# [GIVEN MATERIAL]
== Segment start ==
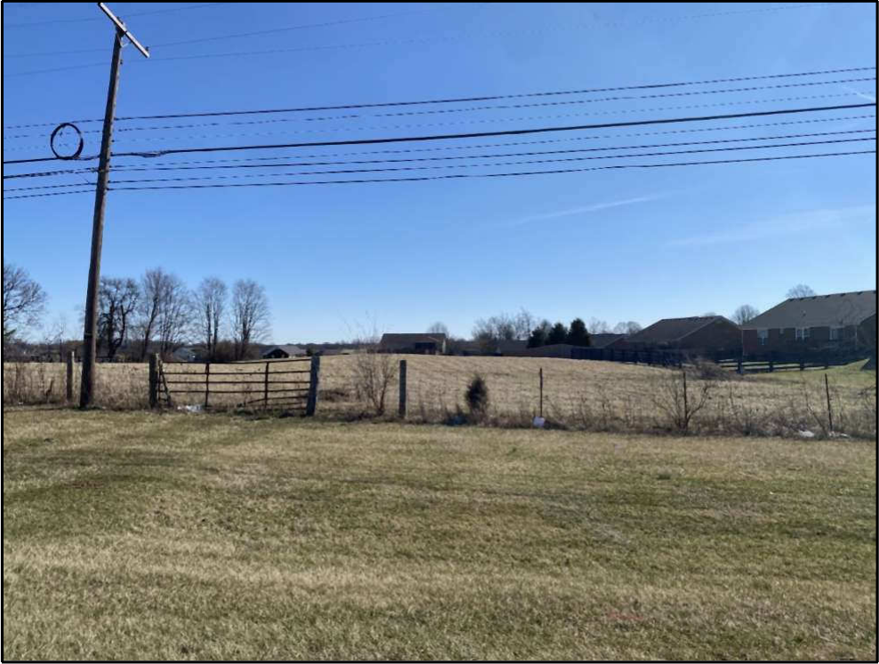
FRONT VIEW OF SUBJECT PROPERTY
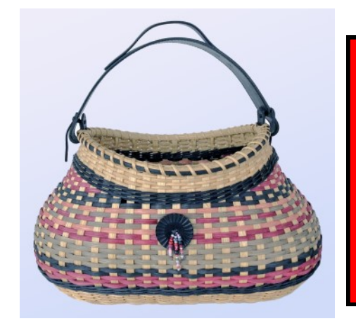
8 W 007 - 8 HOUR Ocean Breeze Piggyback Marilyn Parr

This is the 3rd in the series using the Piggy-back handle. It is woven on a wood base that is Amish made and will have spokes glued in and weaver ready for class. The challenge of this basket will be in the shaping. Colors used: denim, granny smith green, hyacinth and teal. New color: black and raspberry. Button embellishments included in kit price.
== Segment end ==
# [REQUIRED ACTION]
Please transcribe the listing above verbatim and exclude every picture.

# [ANSWER TO THE PROBLEM]
FRONT VIEW OF SUBJECT PROPERTY
8 W 007 - 8 HOUR Ocean Breeze Piggyback Marilyn Parr

This is the 3rd in the series using the Piggy-back handle. It is woven on a wood base that is Amish made and will have spokes glued in and weaver ready for class. The challenge of this basket will be in the shaping. Colors used: denim, granny smith green, hyacinth and teal. New color: black and raspberry. Button embellishments included in kit price.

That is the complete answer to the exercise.